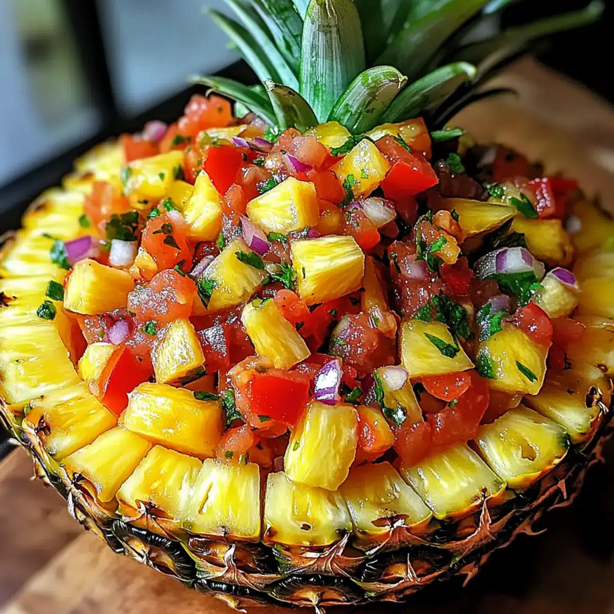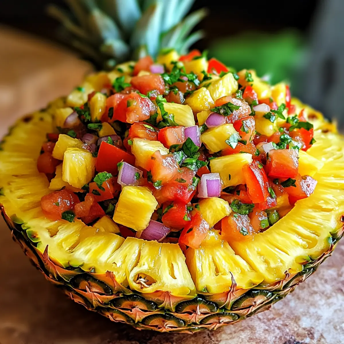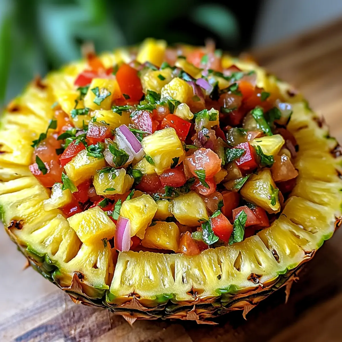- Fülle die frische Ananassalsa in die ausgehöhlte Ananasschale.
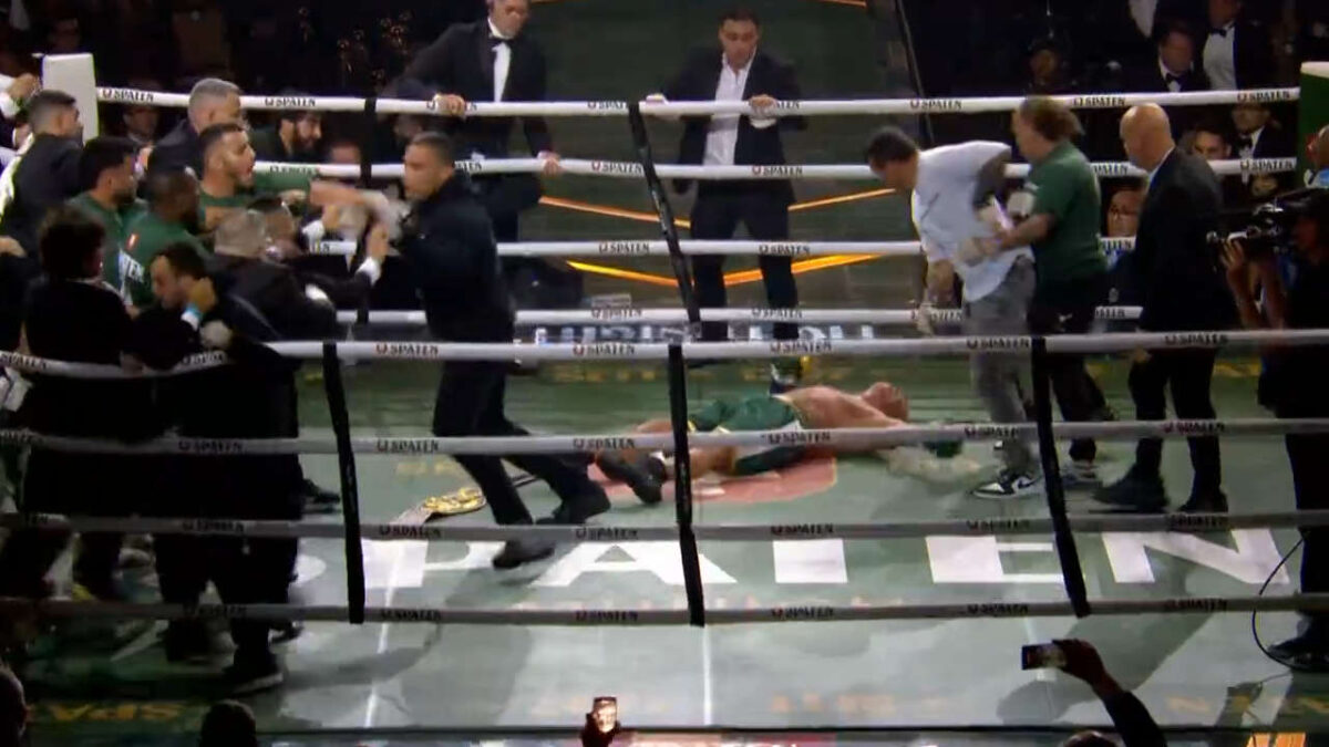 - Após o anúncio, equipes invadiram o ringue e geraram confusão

...

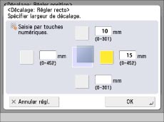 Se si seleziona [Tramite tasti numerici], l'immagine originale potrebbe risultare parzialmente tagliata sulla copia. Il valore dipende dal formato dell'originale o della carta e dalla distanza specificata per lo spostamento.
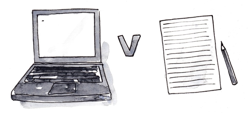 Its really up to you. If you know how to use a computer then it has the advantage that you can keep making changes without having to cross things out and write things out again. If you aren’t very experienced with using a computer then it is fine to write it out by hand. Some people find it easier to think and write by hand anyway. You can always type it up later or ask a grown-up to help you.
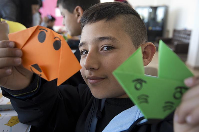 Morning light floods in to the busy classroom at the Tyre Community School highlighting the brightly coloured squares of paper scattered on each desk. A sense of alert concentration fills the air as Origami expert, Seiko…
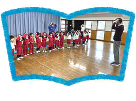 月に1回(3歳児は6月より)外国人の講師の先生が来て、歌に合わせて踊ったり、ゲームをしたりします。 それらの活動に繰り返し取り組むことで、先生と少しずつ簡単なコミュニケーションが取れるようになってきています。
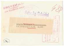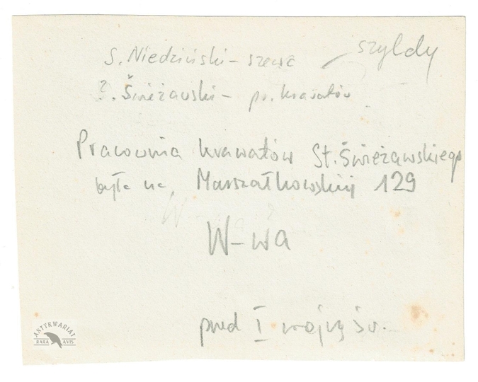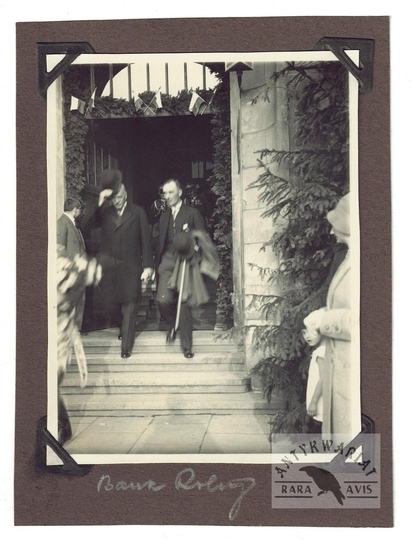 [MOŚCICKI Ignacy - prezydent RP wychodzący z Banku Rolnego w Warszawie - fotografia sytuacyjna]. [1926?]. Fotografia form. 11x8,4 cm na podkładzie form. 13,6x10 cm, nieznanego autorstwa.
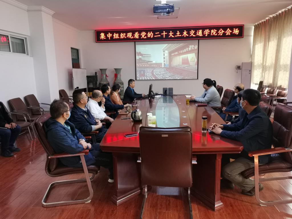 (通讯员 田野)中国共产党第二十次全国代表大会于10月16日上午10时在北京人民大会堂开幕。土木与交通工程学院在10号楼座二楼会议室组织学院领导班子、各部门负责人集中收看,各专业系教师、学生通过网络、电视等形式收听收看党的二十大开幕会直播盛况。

* [AIM OF THE EXERCISE] Set the pictures aside and retype exactly the lines above from the line with "[MOŚCICKI Ignacy - prezydent" to the line with "(通讯员 田野)中国共产党第", both included, adding no others.

* [SOLUTION FOR THIS EXERCISE]
 [MOŚCICKI Ignacy - prezydent RP wychodzący z Banku Rolnego w Warszawie - fotografia sytuacyjna]. [1926?]. Fotografia form. 11x8,4 cm na podkładzie form. 13,6x10 cm, nieznanego autorstwa.
 (通讯员 田野)中国共产党第二十次全国代表大会于10月16日上午10时在北京人民大会堂开幕。土木与交通工程学院在10号楼座二楼会议室组织学院领导班子、各部门负责人集中收看,各专业系教师、学生通过网络、电视等形式收听收看党的二十大开幕会直播盛况。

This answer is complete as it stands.